So when people ask whether Canada still needs truck drivers, the practical answer is yes. The more useful answer is why demand stays high, where it shows up most, and what is happening in the labour market. The reality is not a permanent emergency everywhere. It is a steady national need driven by replacement demand, plus regional pressure points that can tighten quickly depending on freight volumes, seasonality, and hiring conditions.
What the official outlook says about demand
One of the clearest national signals comes from the Government of Canada Job Bank outlook for Transport truck drivers (NOC 73300). At the national level, Job Bank projects a moderate risk of labour shortage for 2024 to 2033.
That wording matters. It does not say there is no problem. It also does not say there is a crisis everywhere. It suggests that over the decade, job openings and job seekers are expected to stay close enough that many employers will still find hiring challenging, especially when they need experienced drivers, specific endorsements, or long haul availability.
Why the need stays high even when the market cools
Trucking demand is not only about growth. It is also about replacement, churn, and the constant movement of drivers between segments.
Even if freight demand softens in a given quarter, the industry still needs to replace people who retire, change occupations, move from long haul to local work, or leave because the lifestyle no longer fits. That replacement pipeline is a big reason the need remains persistent over many years.
Statistics Canada has also highlighted how openings can ease from peak years while demand remains present. For example, in the second quarter of 2024, there were 15,350 job openings for transport truck drivers, and that figure was down significantly compared with earlier periods. This kind of pattern is normal in trucking: hiring intensity rises and falls, but the occupation does not stop being essential.
Canada’s trucking need is regional, not uniform
When people talk about Canada as a single job market, it hides the real story. Trucking conditions can be tight in one region and more balanced in another.
Job Bank regional outlook pages show this clearly. In some areas, prospects are strong for the near term. In other areas, hiring can be more stable or more competitive depending on local supply, industry mix, and route types. This is why two drivers can have completely different experiences even in the same year, simply because they live in different provinces or work different lanes.
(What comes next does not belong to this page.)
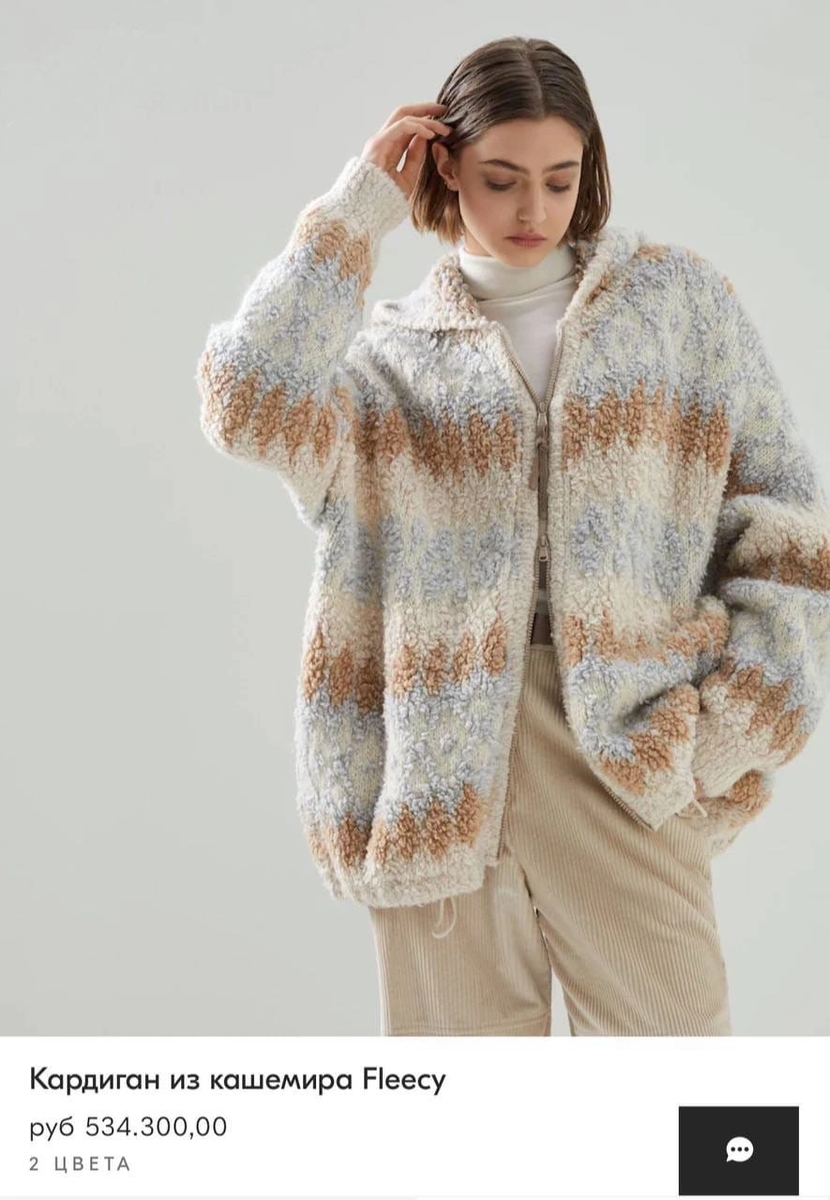 Да-да! Вы не ошиблись. Именно такие цены у одного известного бренда. Буклированная пряжа является одним из видов фасонной пряжи, с помощью которой можно создавать полотно с достаточно интересной фактурой. Нити такой пряжи имеют некоторые декоративные неровности в виде небольших петелек, благодаря чему изделия получаются объемными и мягкими. Грубо говоря, это мех "барашек". Пальто я связала как раз из буклированной пряжи. И мне стало интересно, есть ли что-то похожее у брендов. Например, Brunello Сocinelli. Итак, давайте вместе и посмотрим, что они нам предлагают. Такого плана кардиганы раньше были модны в 90-е. Я помню, у мамы был такой. Но мода возвращается каждые 20-30 лет. Думаю, пришло время таким забавным и теплым вещичкам. Вот такой интересный кардиган, как халат. Прям как у меня. Только я потратила на пряжу около 3 000 рублей и длина до щиколоток. Еще нашла такой вариант в сеточку. Модельки мне понравились, правда будет сильно продувать. То есть можно носить только теплой

For job seekers, the takeaway is simple. If you are willing to relocate, travel, or work specific routes, you often have more options. If you need a specific schedule or only want certain lanes, the market can feel tighter.
What vacancy data suggests about pressure points
Vacancy rates help explain where employers are struggling to fill roles. Trucking HR Canada publishes labour market snapshots that draw on Statistics Canada data and break out vacancy trends by province.
In its 2024 snapshot for transport truck drivers (NOC 73300), Trucking HR Canada reports an average annual vacancy rate of 4.7% for Canada, with variation by province.
Vacancy rates do not tell the whole story, but they support a basic point: even when the market is calmer than peak shortage years, many regions still experience meaningful hiring pressure.
Why trucking can feel like a shortage and a churn problem at the same time
A common question is this: if there is demand, why do some drivers still struggle to find the right job?
Part of the answer is that trucking is segmented. The industry includes local delivery, regional routes, dedicated runs, cross border lanes, long haul, specialized hauling (flatbed, tanker, heavy haul), and owner operator models. Each segment has different requirements, pay structures, and lifestyle tradeoffs.
Many companies can fill seats for some lanes but struggle in others. Roles that involve nights, long stretches away, remote routes, or physically demanding delivery often have the highest friction. That creates a situation where there can be openings, but not always openings that match what drivers want.
There is also the reality that many openings are created by turnover rather than pure growth. When a job is hard to keep long term, the hiring treadmill never fully stops.
The age factor and replacement demand
Across many countries, trucking faces a demographic challenge: the workforce is aging, and fewer young workers enter and stay long enough to build experience.
International industry reporting has warned about a widening age gap in driver workforces and the risk it creates over time, even when freight markets soften. When large numbers of experienced drivers retire, replacement becomes a constant requirement, especially for roles that demand safe winter driving, long distance endurance, and strong compliance habits.
This aligns with the Canadian outlook that suggests labour market tightness may persist in many areas over the decade.
Why it can be hard to recruit and keep drivers
When employers talk about needing drivers, they are often describing retention challenges as much as recruiting challenges.
Home time and schedule predictability is a major factor. Long haul work can mean long stretches away, and even local routes can include early starts and weekend work.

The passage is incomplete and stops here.